=== WORK INSTRUCTIONS ===
Only one stretch of the data is wanted: the line containing "다시 말해, 유대교-그리스도교가", the line containing "we reopen, the", and every line between them, copied exactly.

=== PROVIDED RECORDS ===
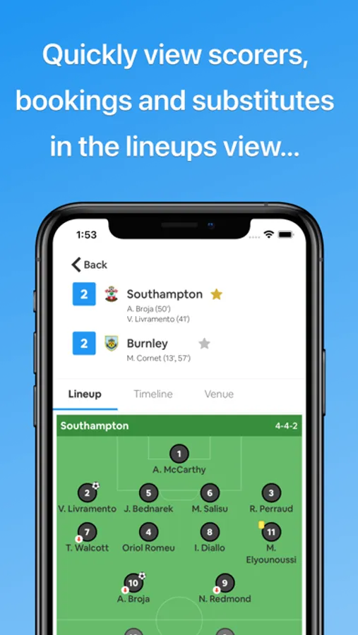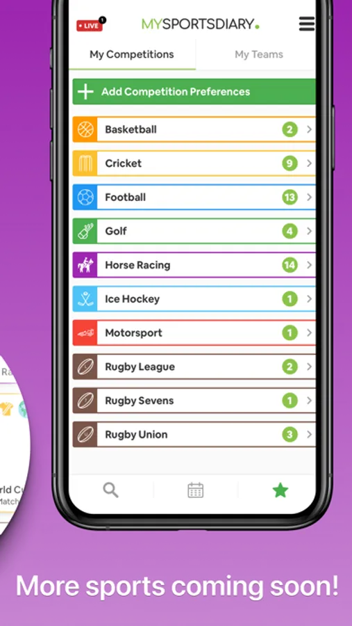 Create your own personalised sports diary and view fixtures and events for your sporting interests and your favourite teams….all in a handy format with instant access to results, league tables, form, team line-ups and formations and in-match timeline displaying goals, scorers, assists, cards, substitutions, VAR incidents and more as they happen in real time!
==
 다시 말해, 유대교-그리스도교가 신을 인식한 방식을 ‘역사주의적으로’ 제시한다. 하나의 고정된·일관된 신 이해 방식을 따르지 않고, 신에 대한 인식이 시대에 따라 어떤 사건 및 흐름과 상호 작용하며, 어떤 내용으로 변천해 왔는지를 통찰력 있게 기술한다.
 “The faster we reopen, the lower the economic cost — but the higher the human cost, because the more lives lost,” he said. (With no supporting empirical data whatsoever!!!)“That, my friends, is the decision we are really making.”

=== RESULT OF THE EXERCISE ===
 다시 말해, 유대교-그리스도교가 신을 인식한 방식을 ‘역사주의적으로’ 제시한다. 하나의 고정된·일관된 신 이해 방식을 따르지 않고, 신에 대한 인식이 시대에 따라 어떤 사건 및 흐름과 상호 작용하며, 어떤 내용으로 변천해 왔는지를 통찰력 있게 기술한다.
 “The faster we reopen, the lower the economic cost — but the higher the human cost, because the more lives lost,” he said. (With no supporting empirical data whatsoever!!!)“That, my friends, is the decision we are really making.”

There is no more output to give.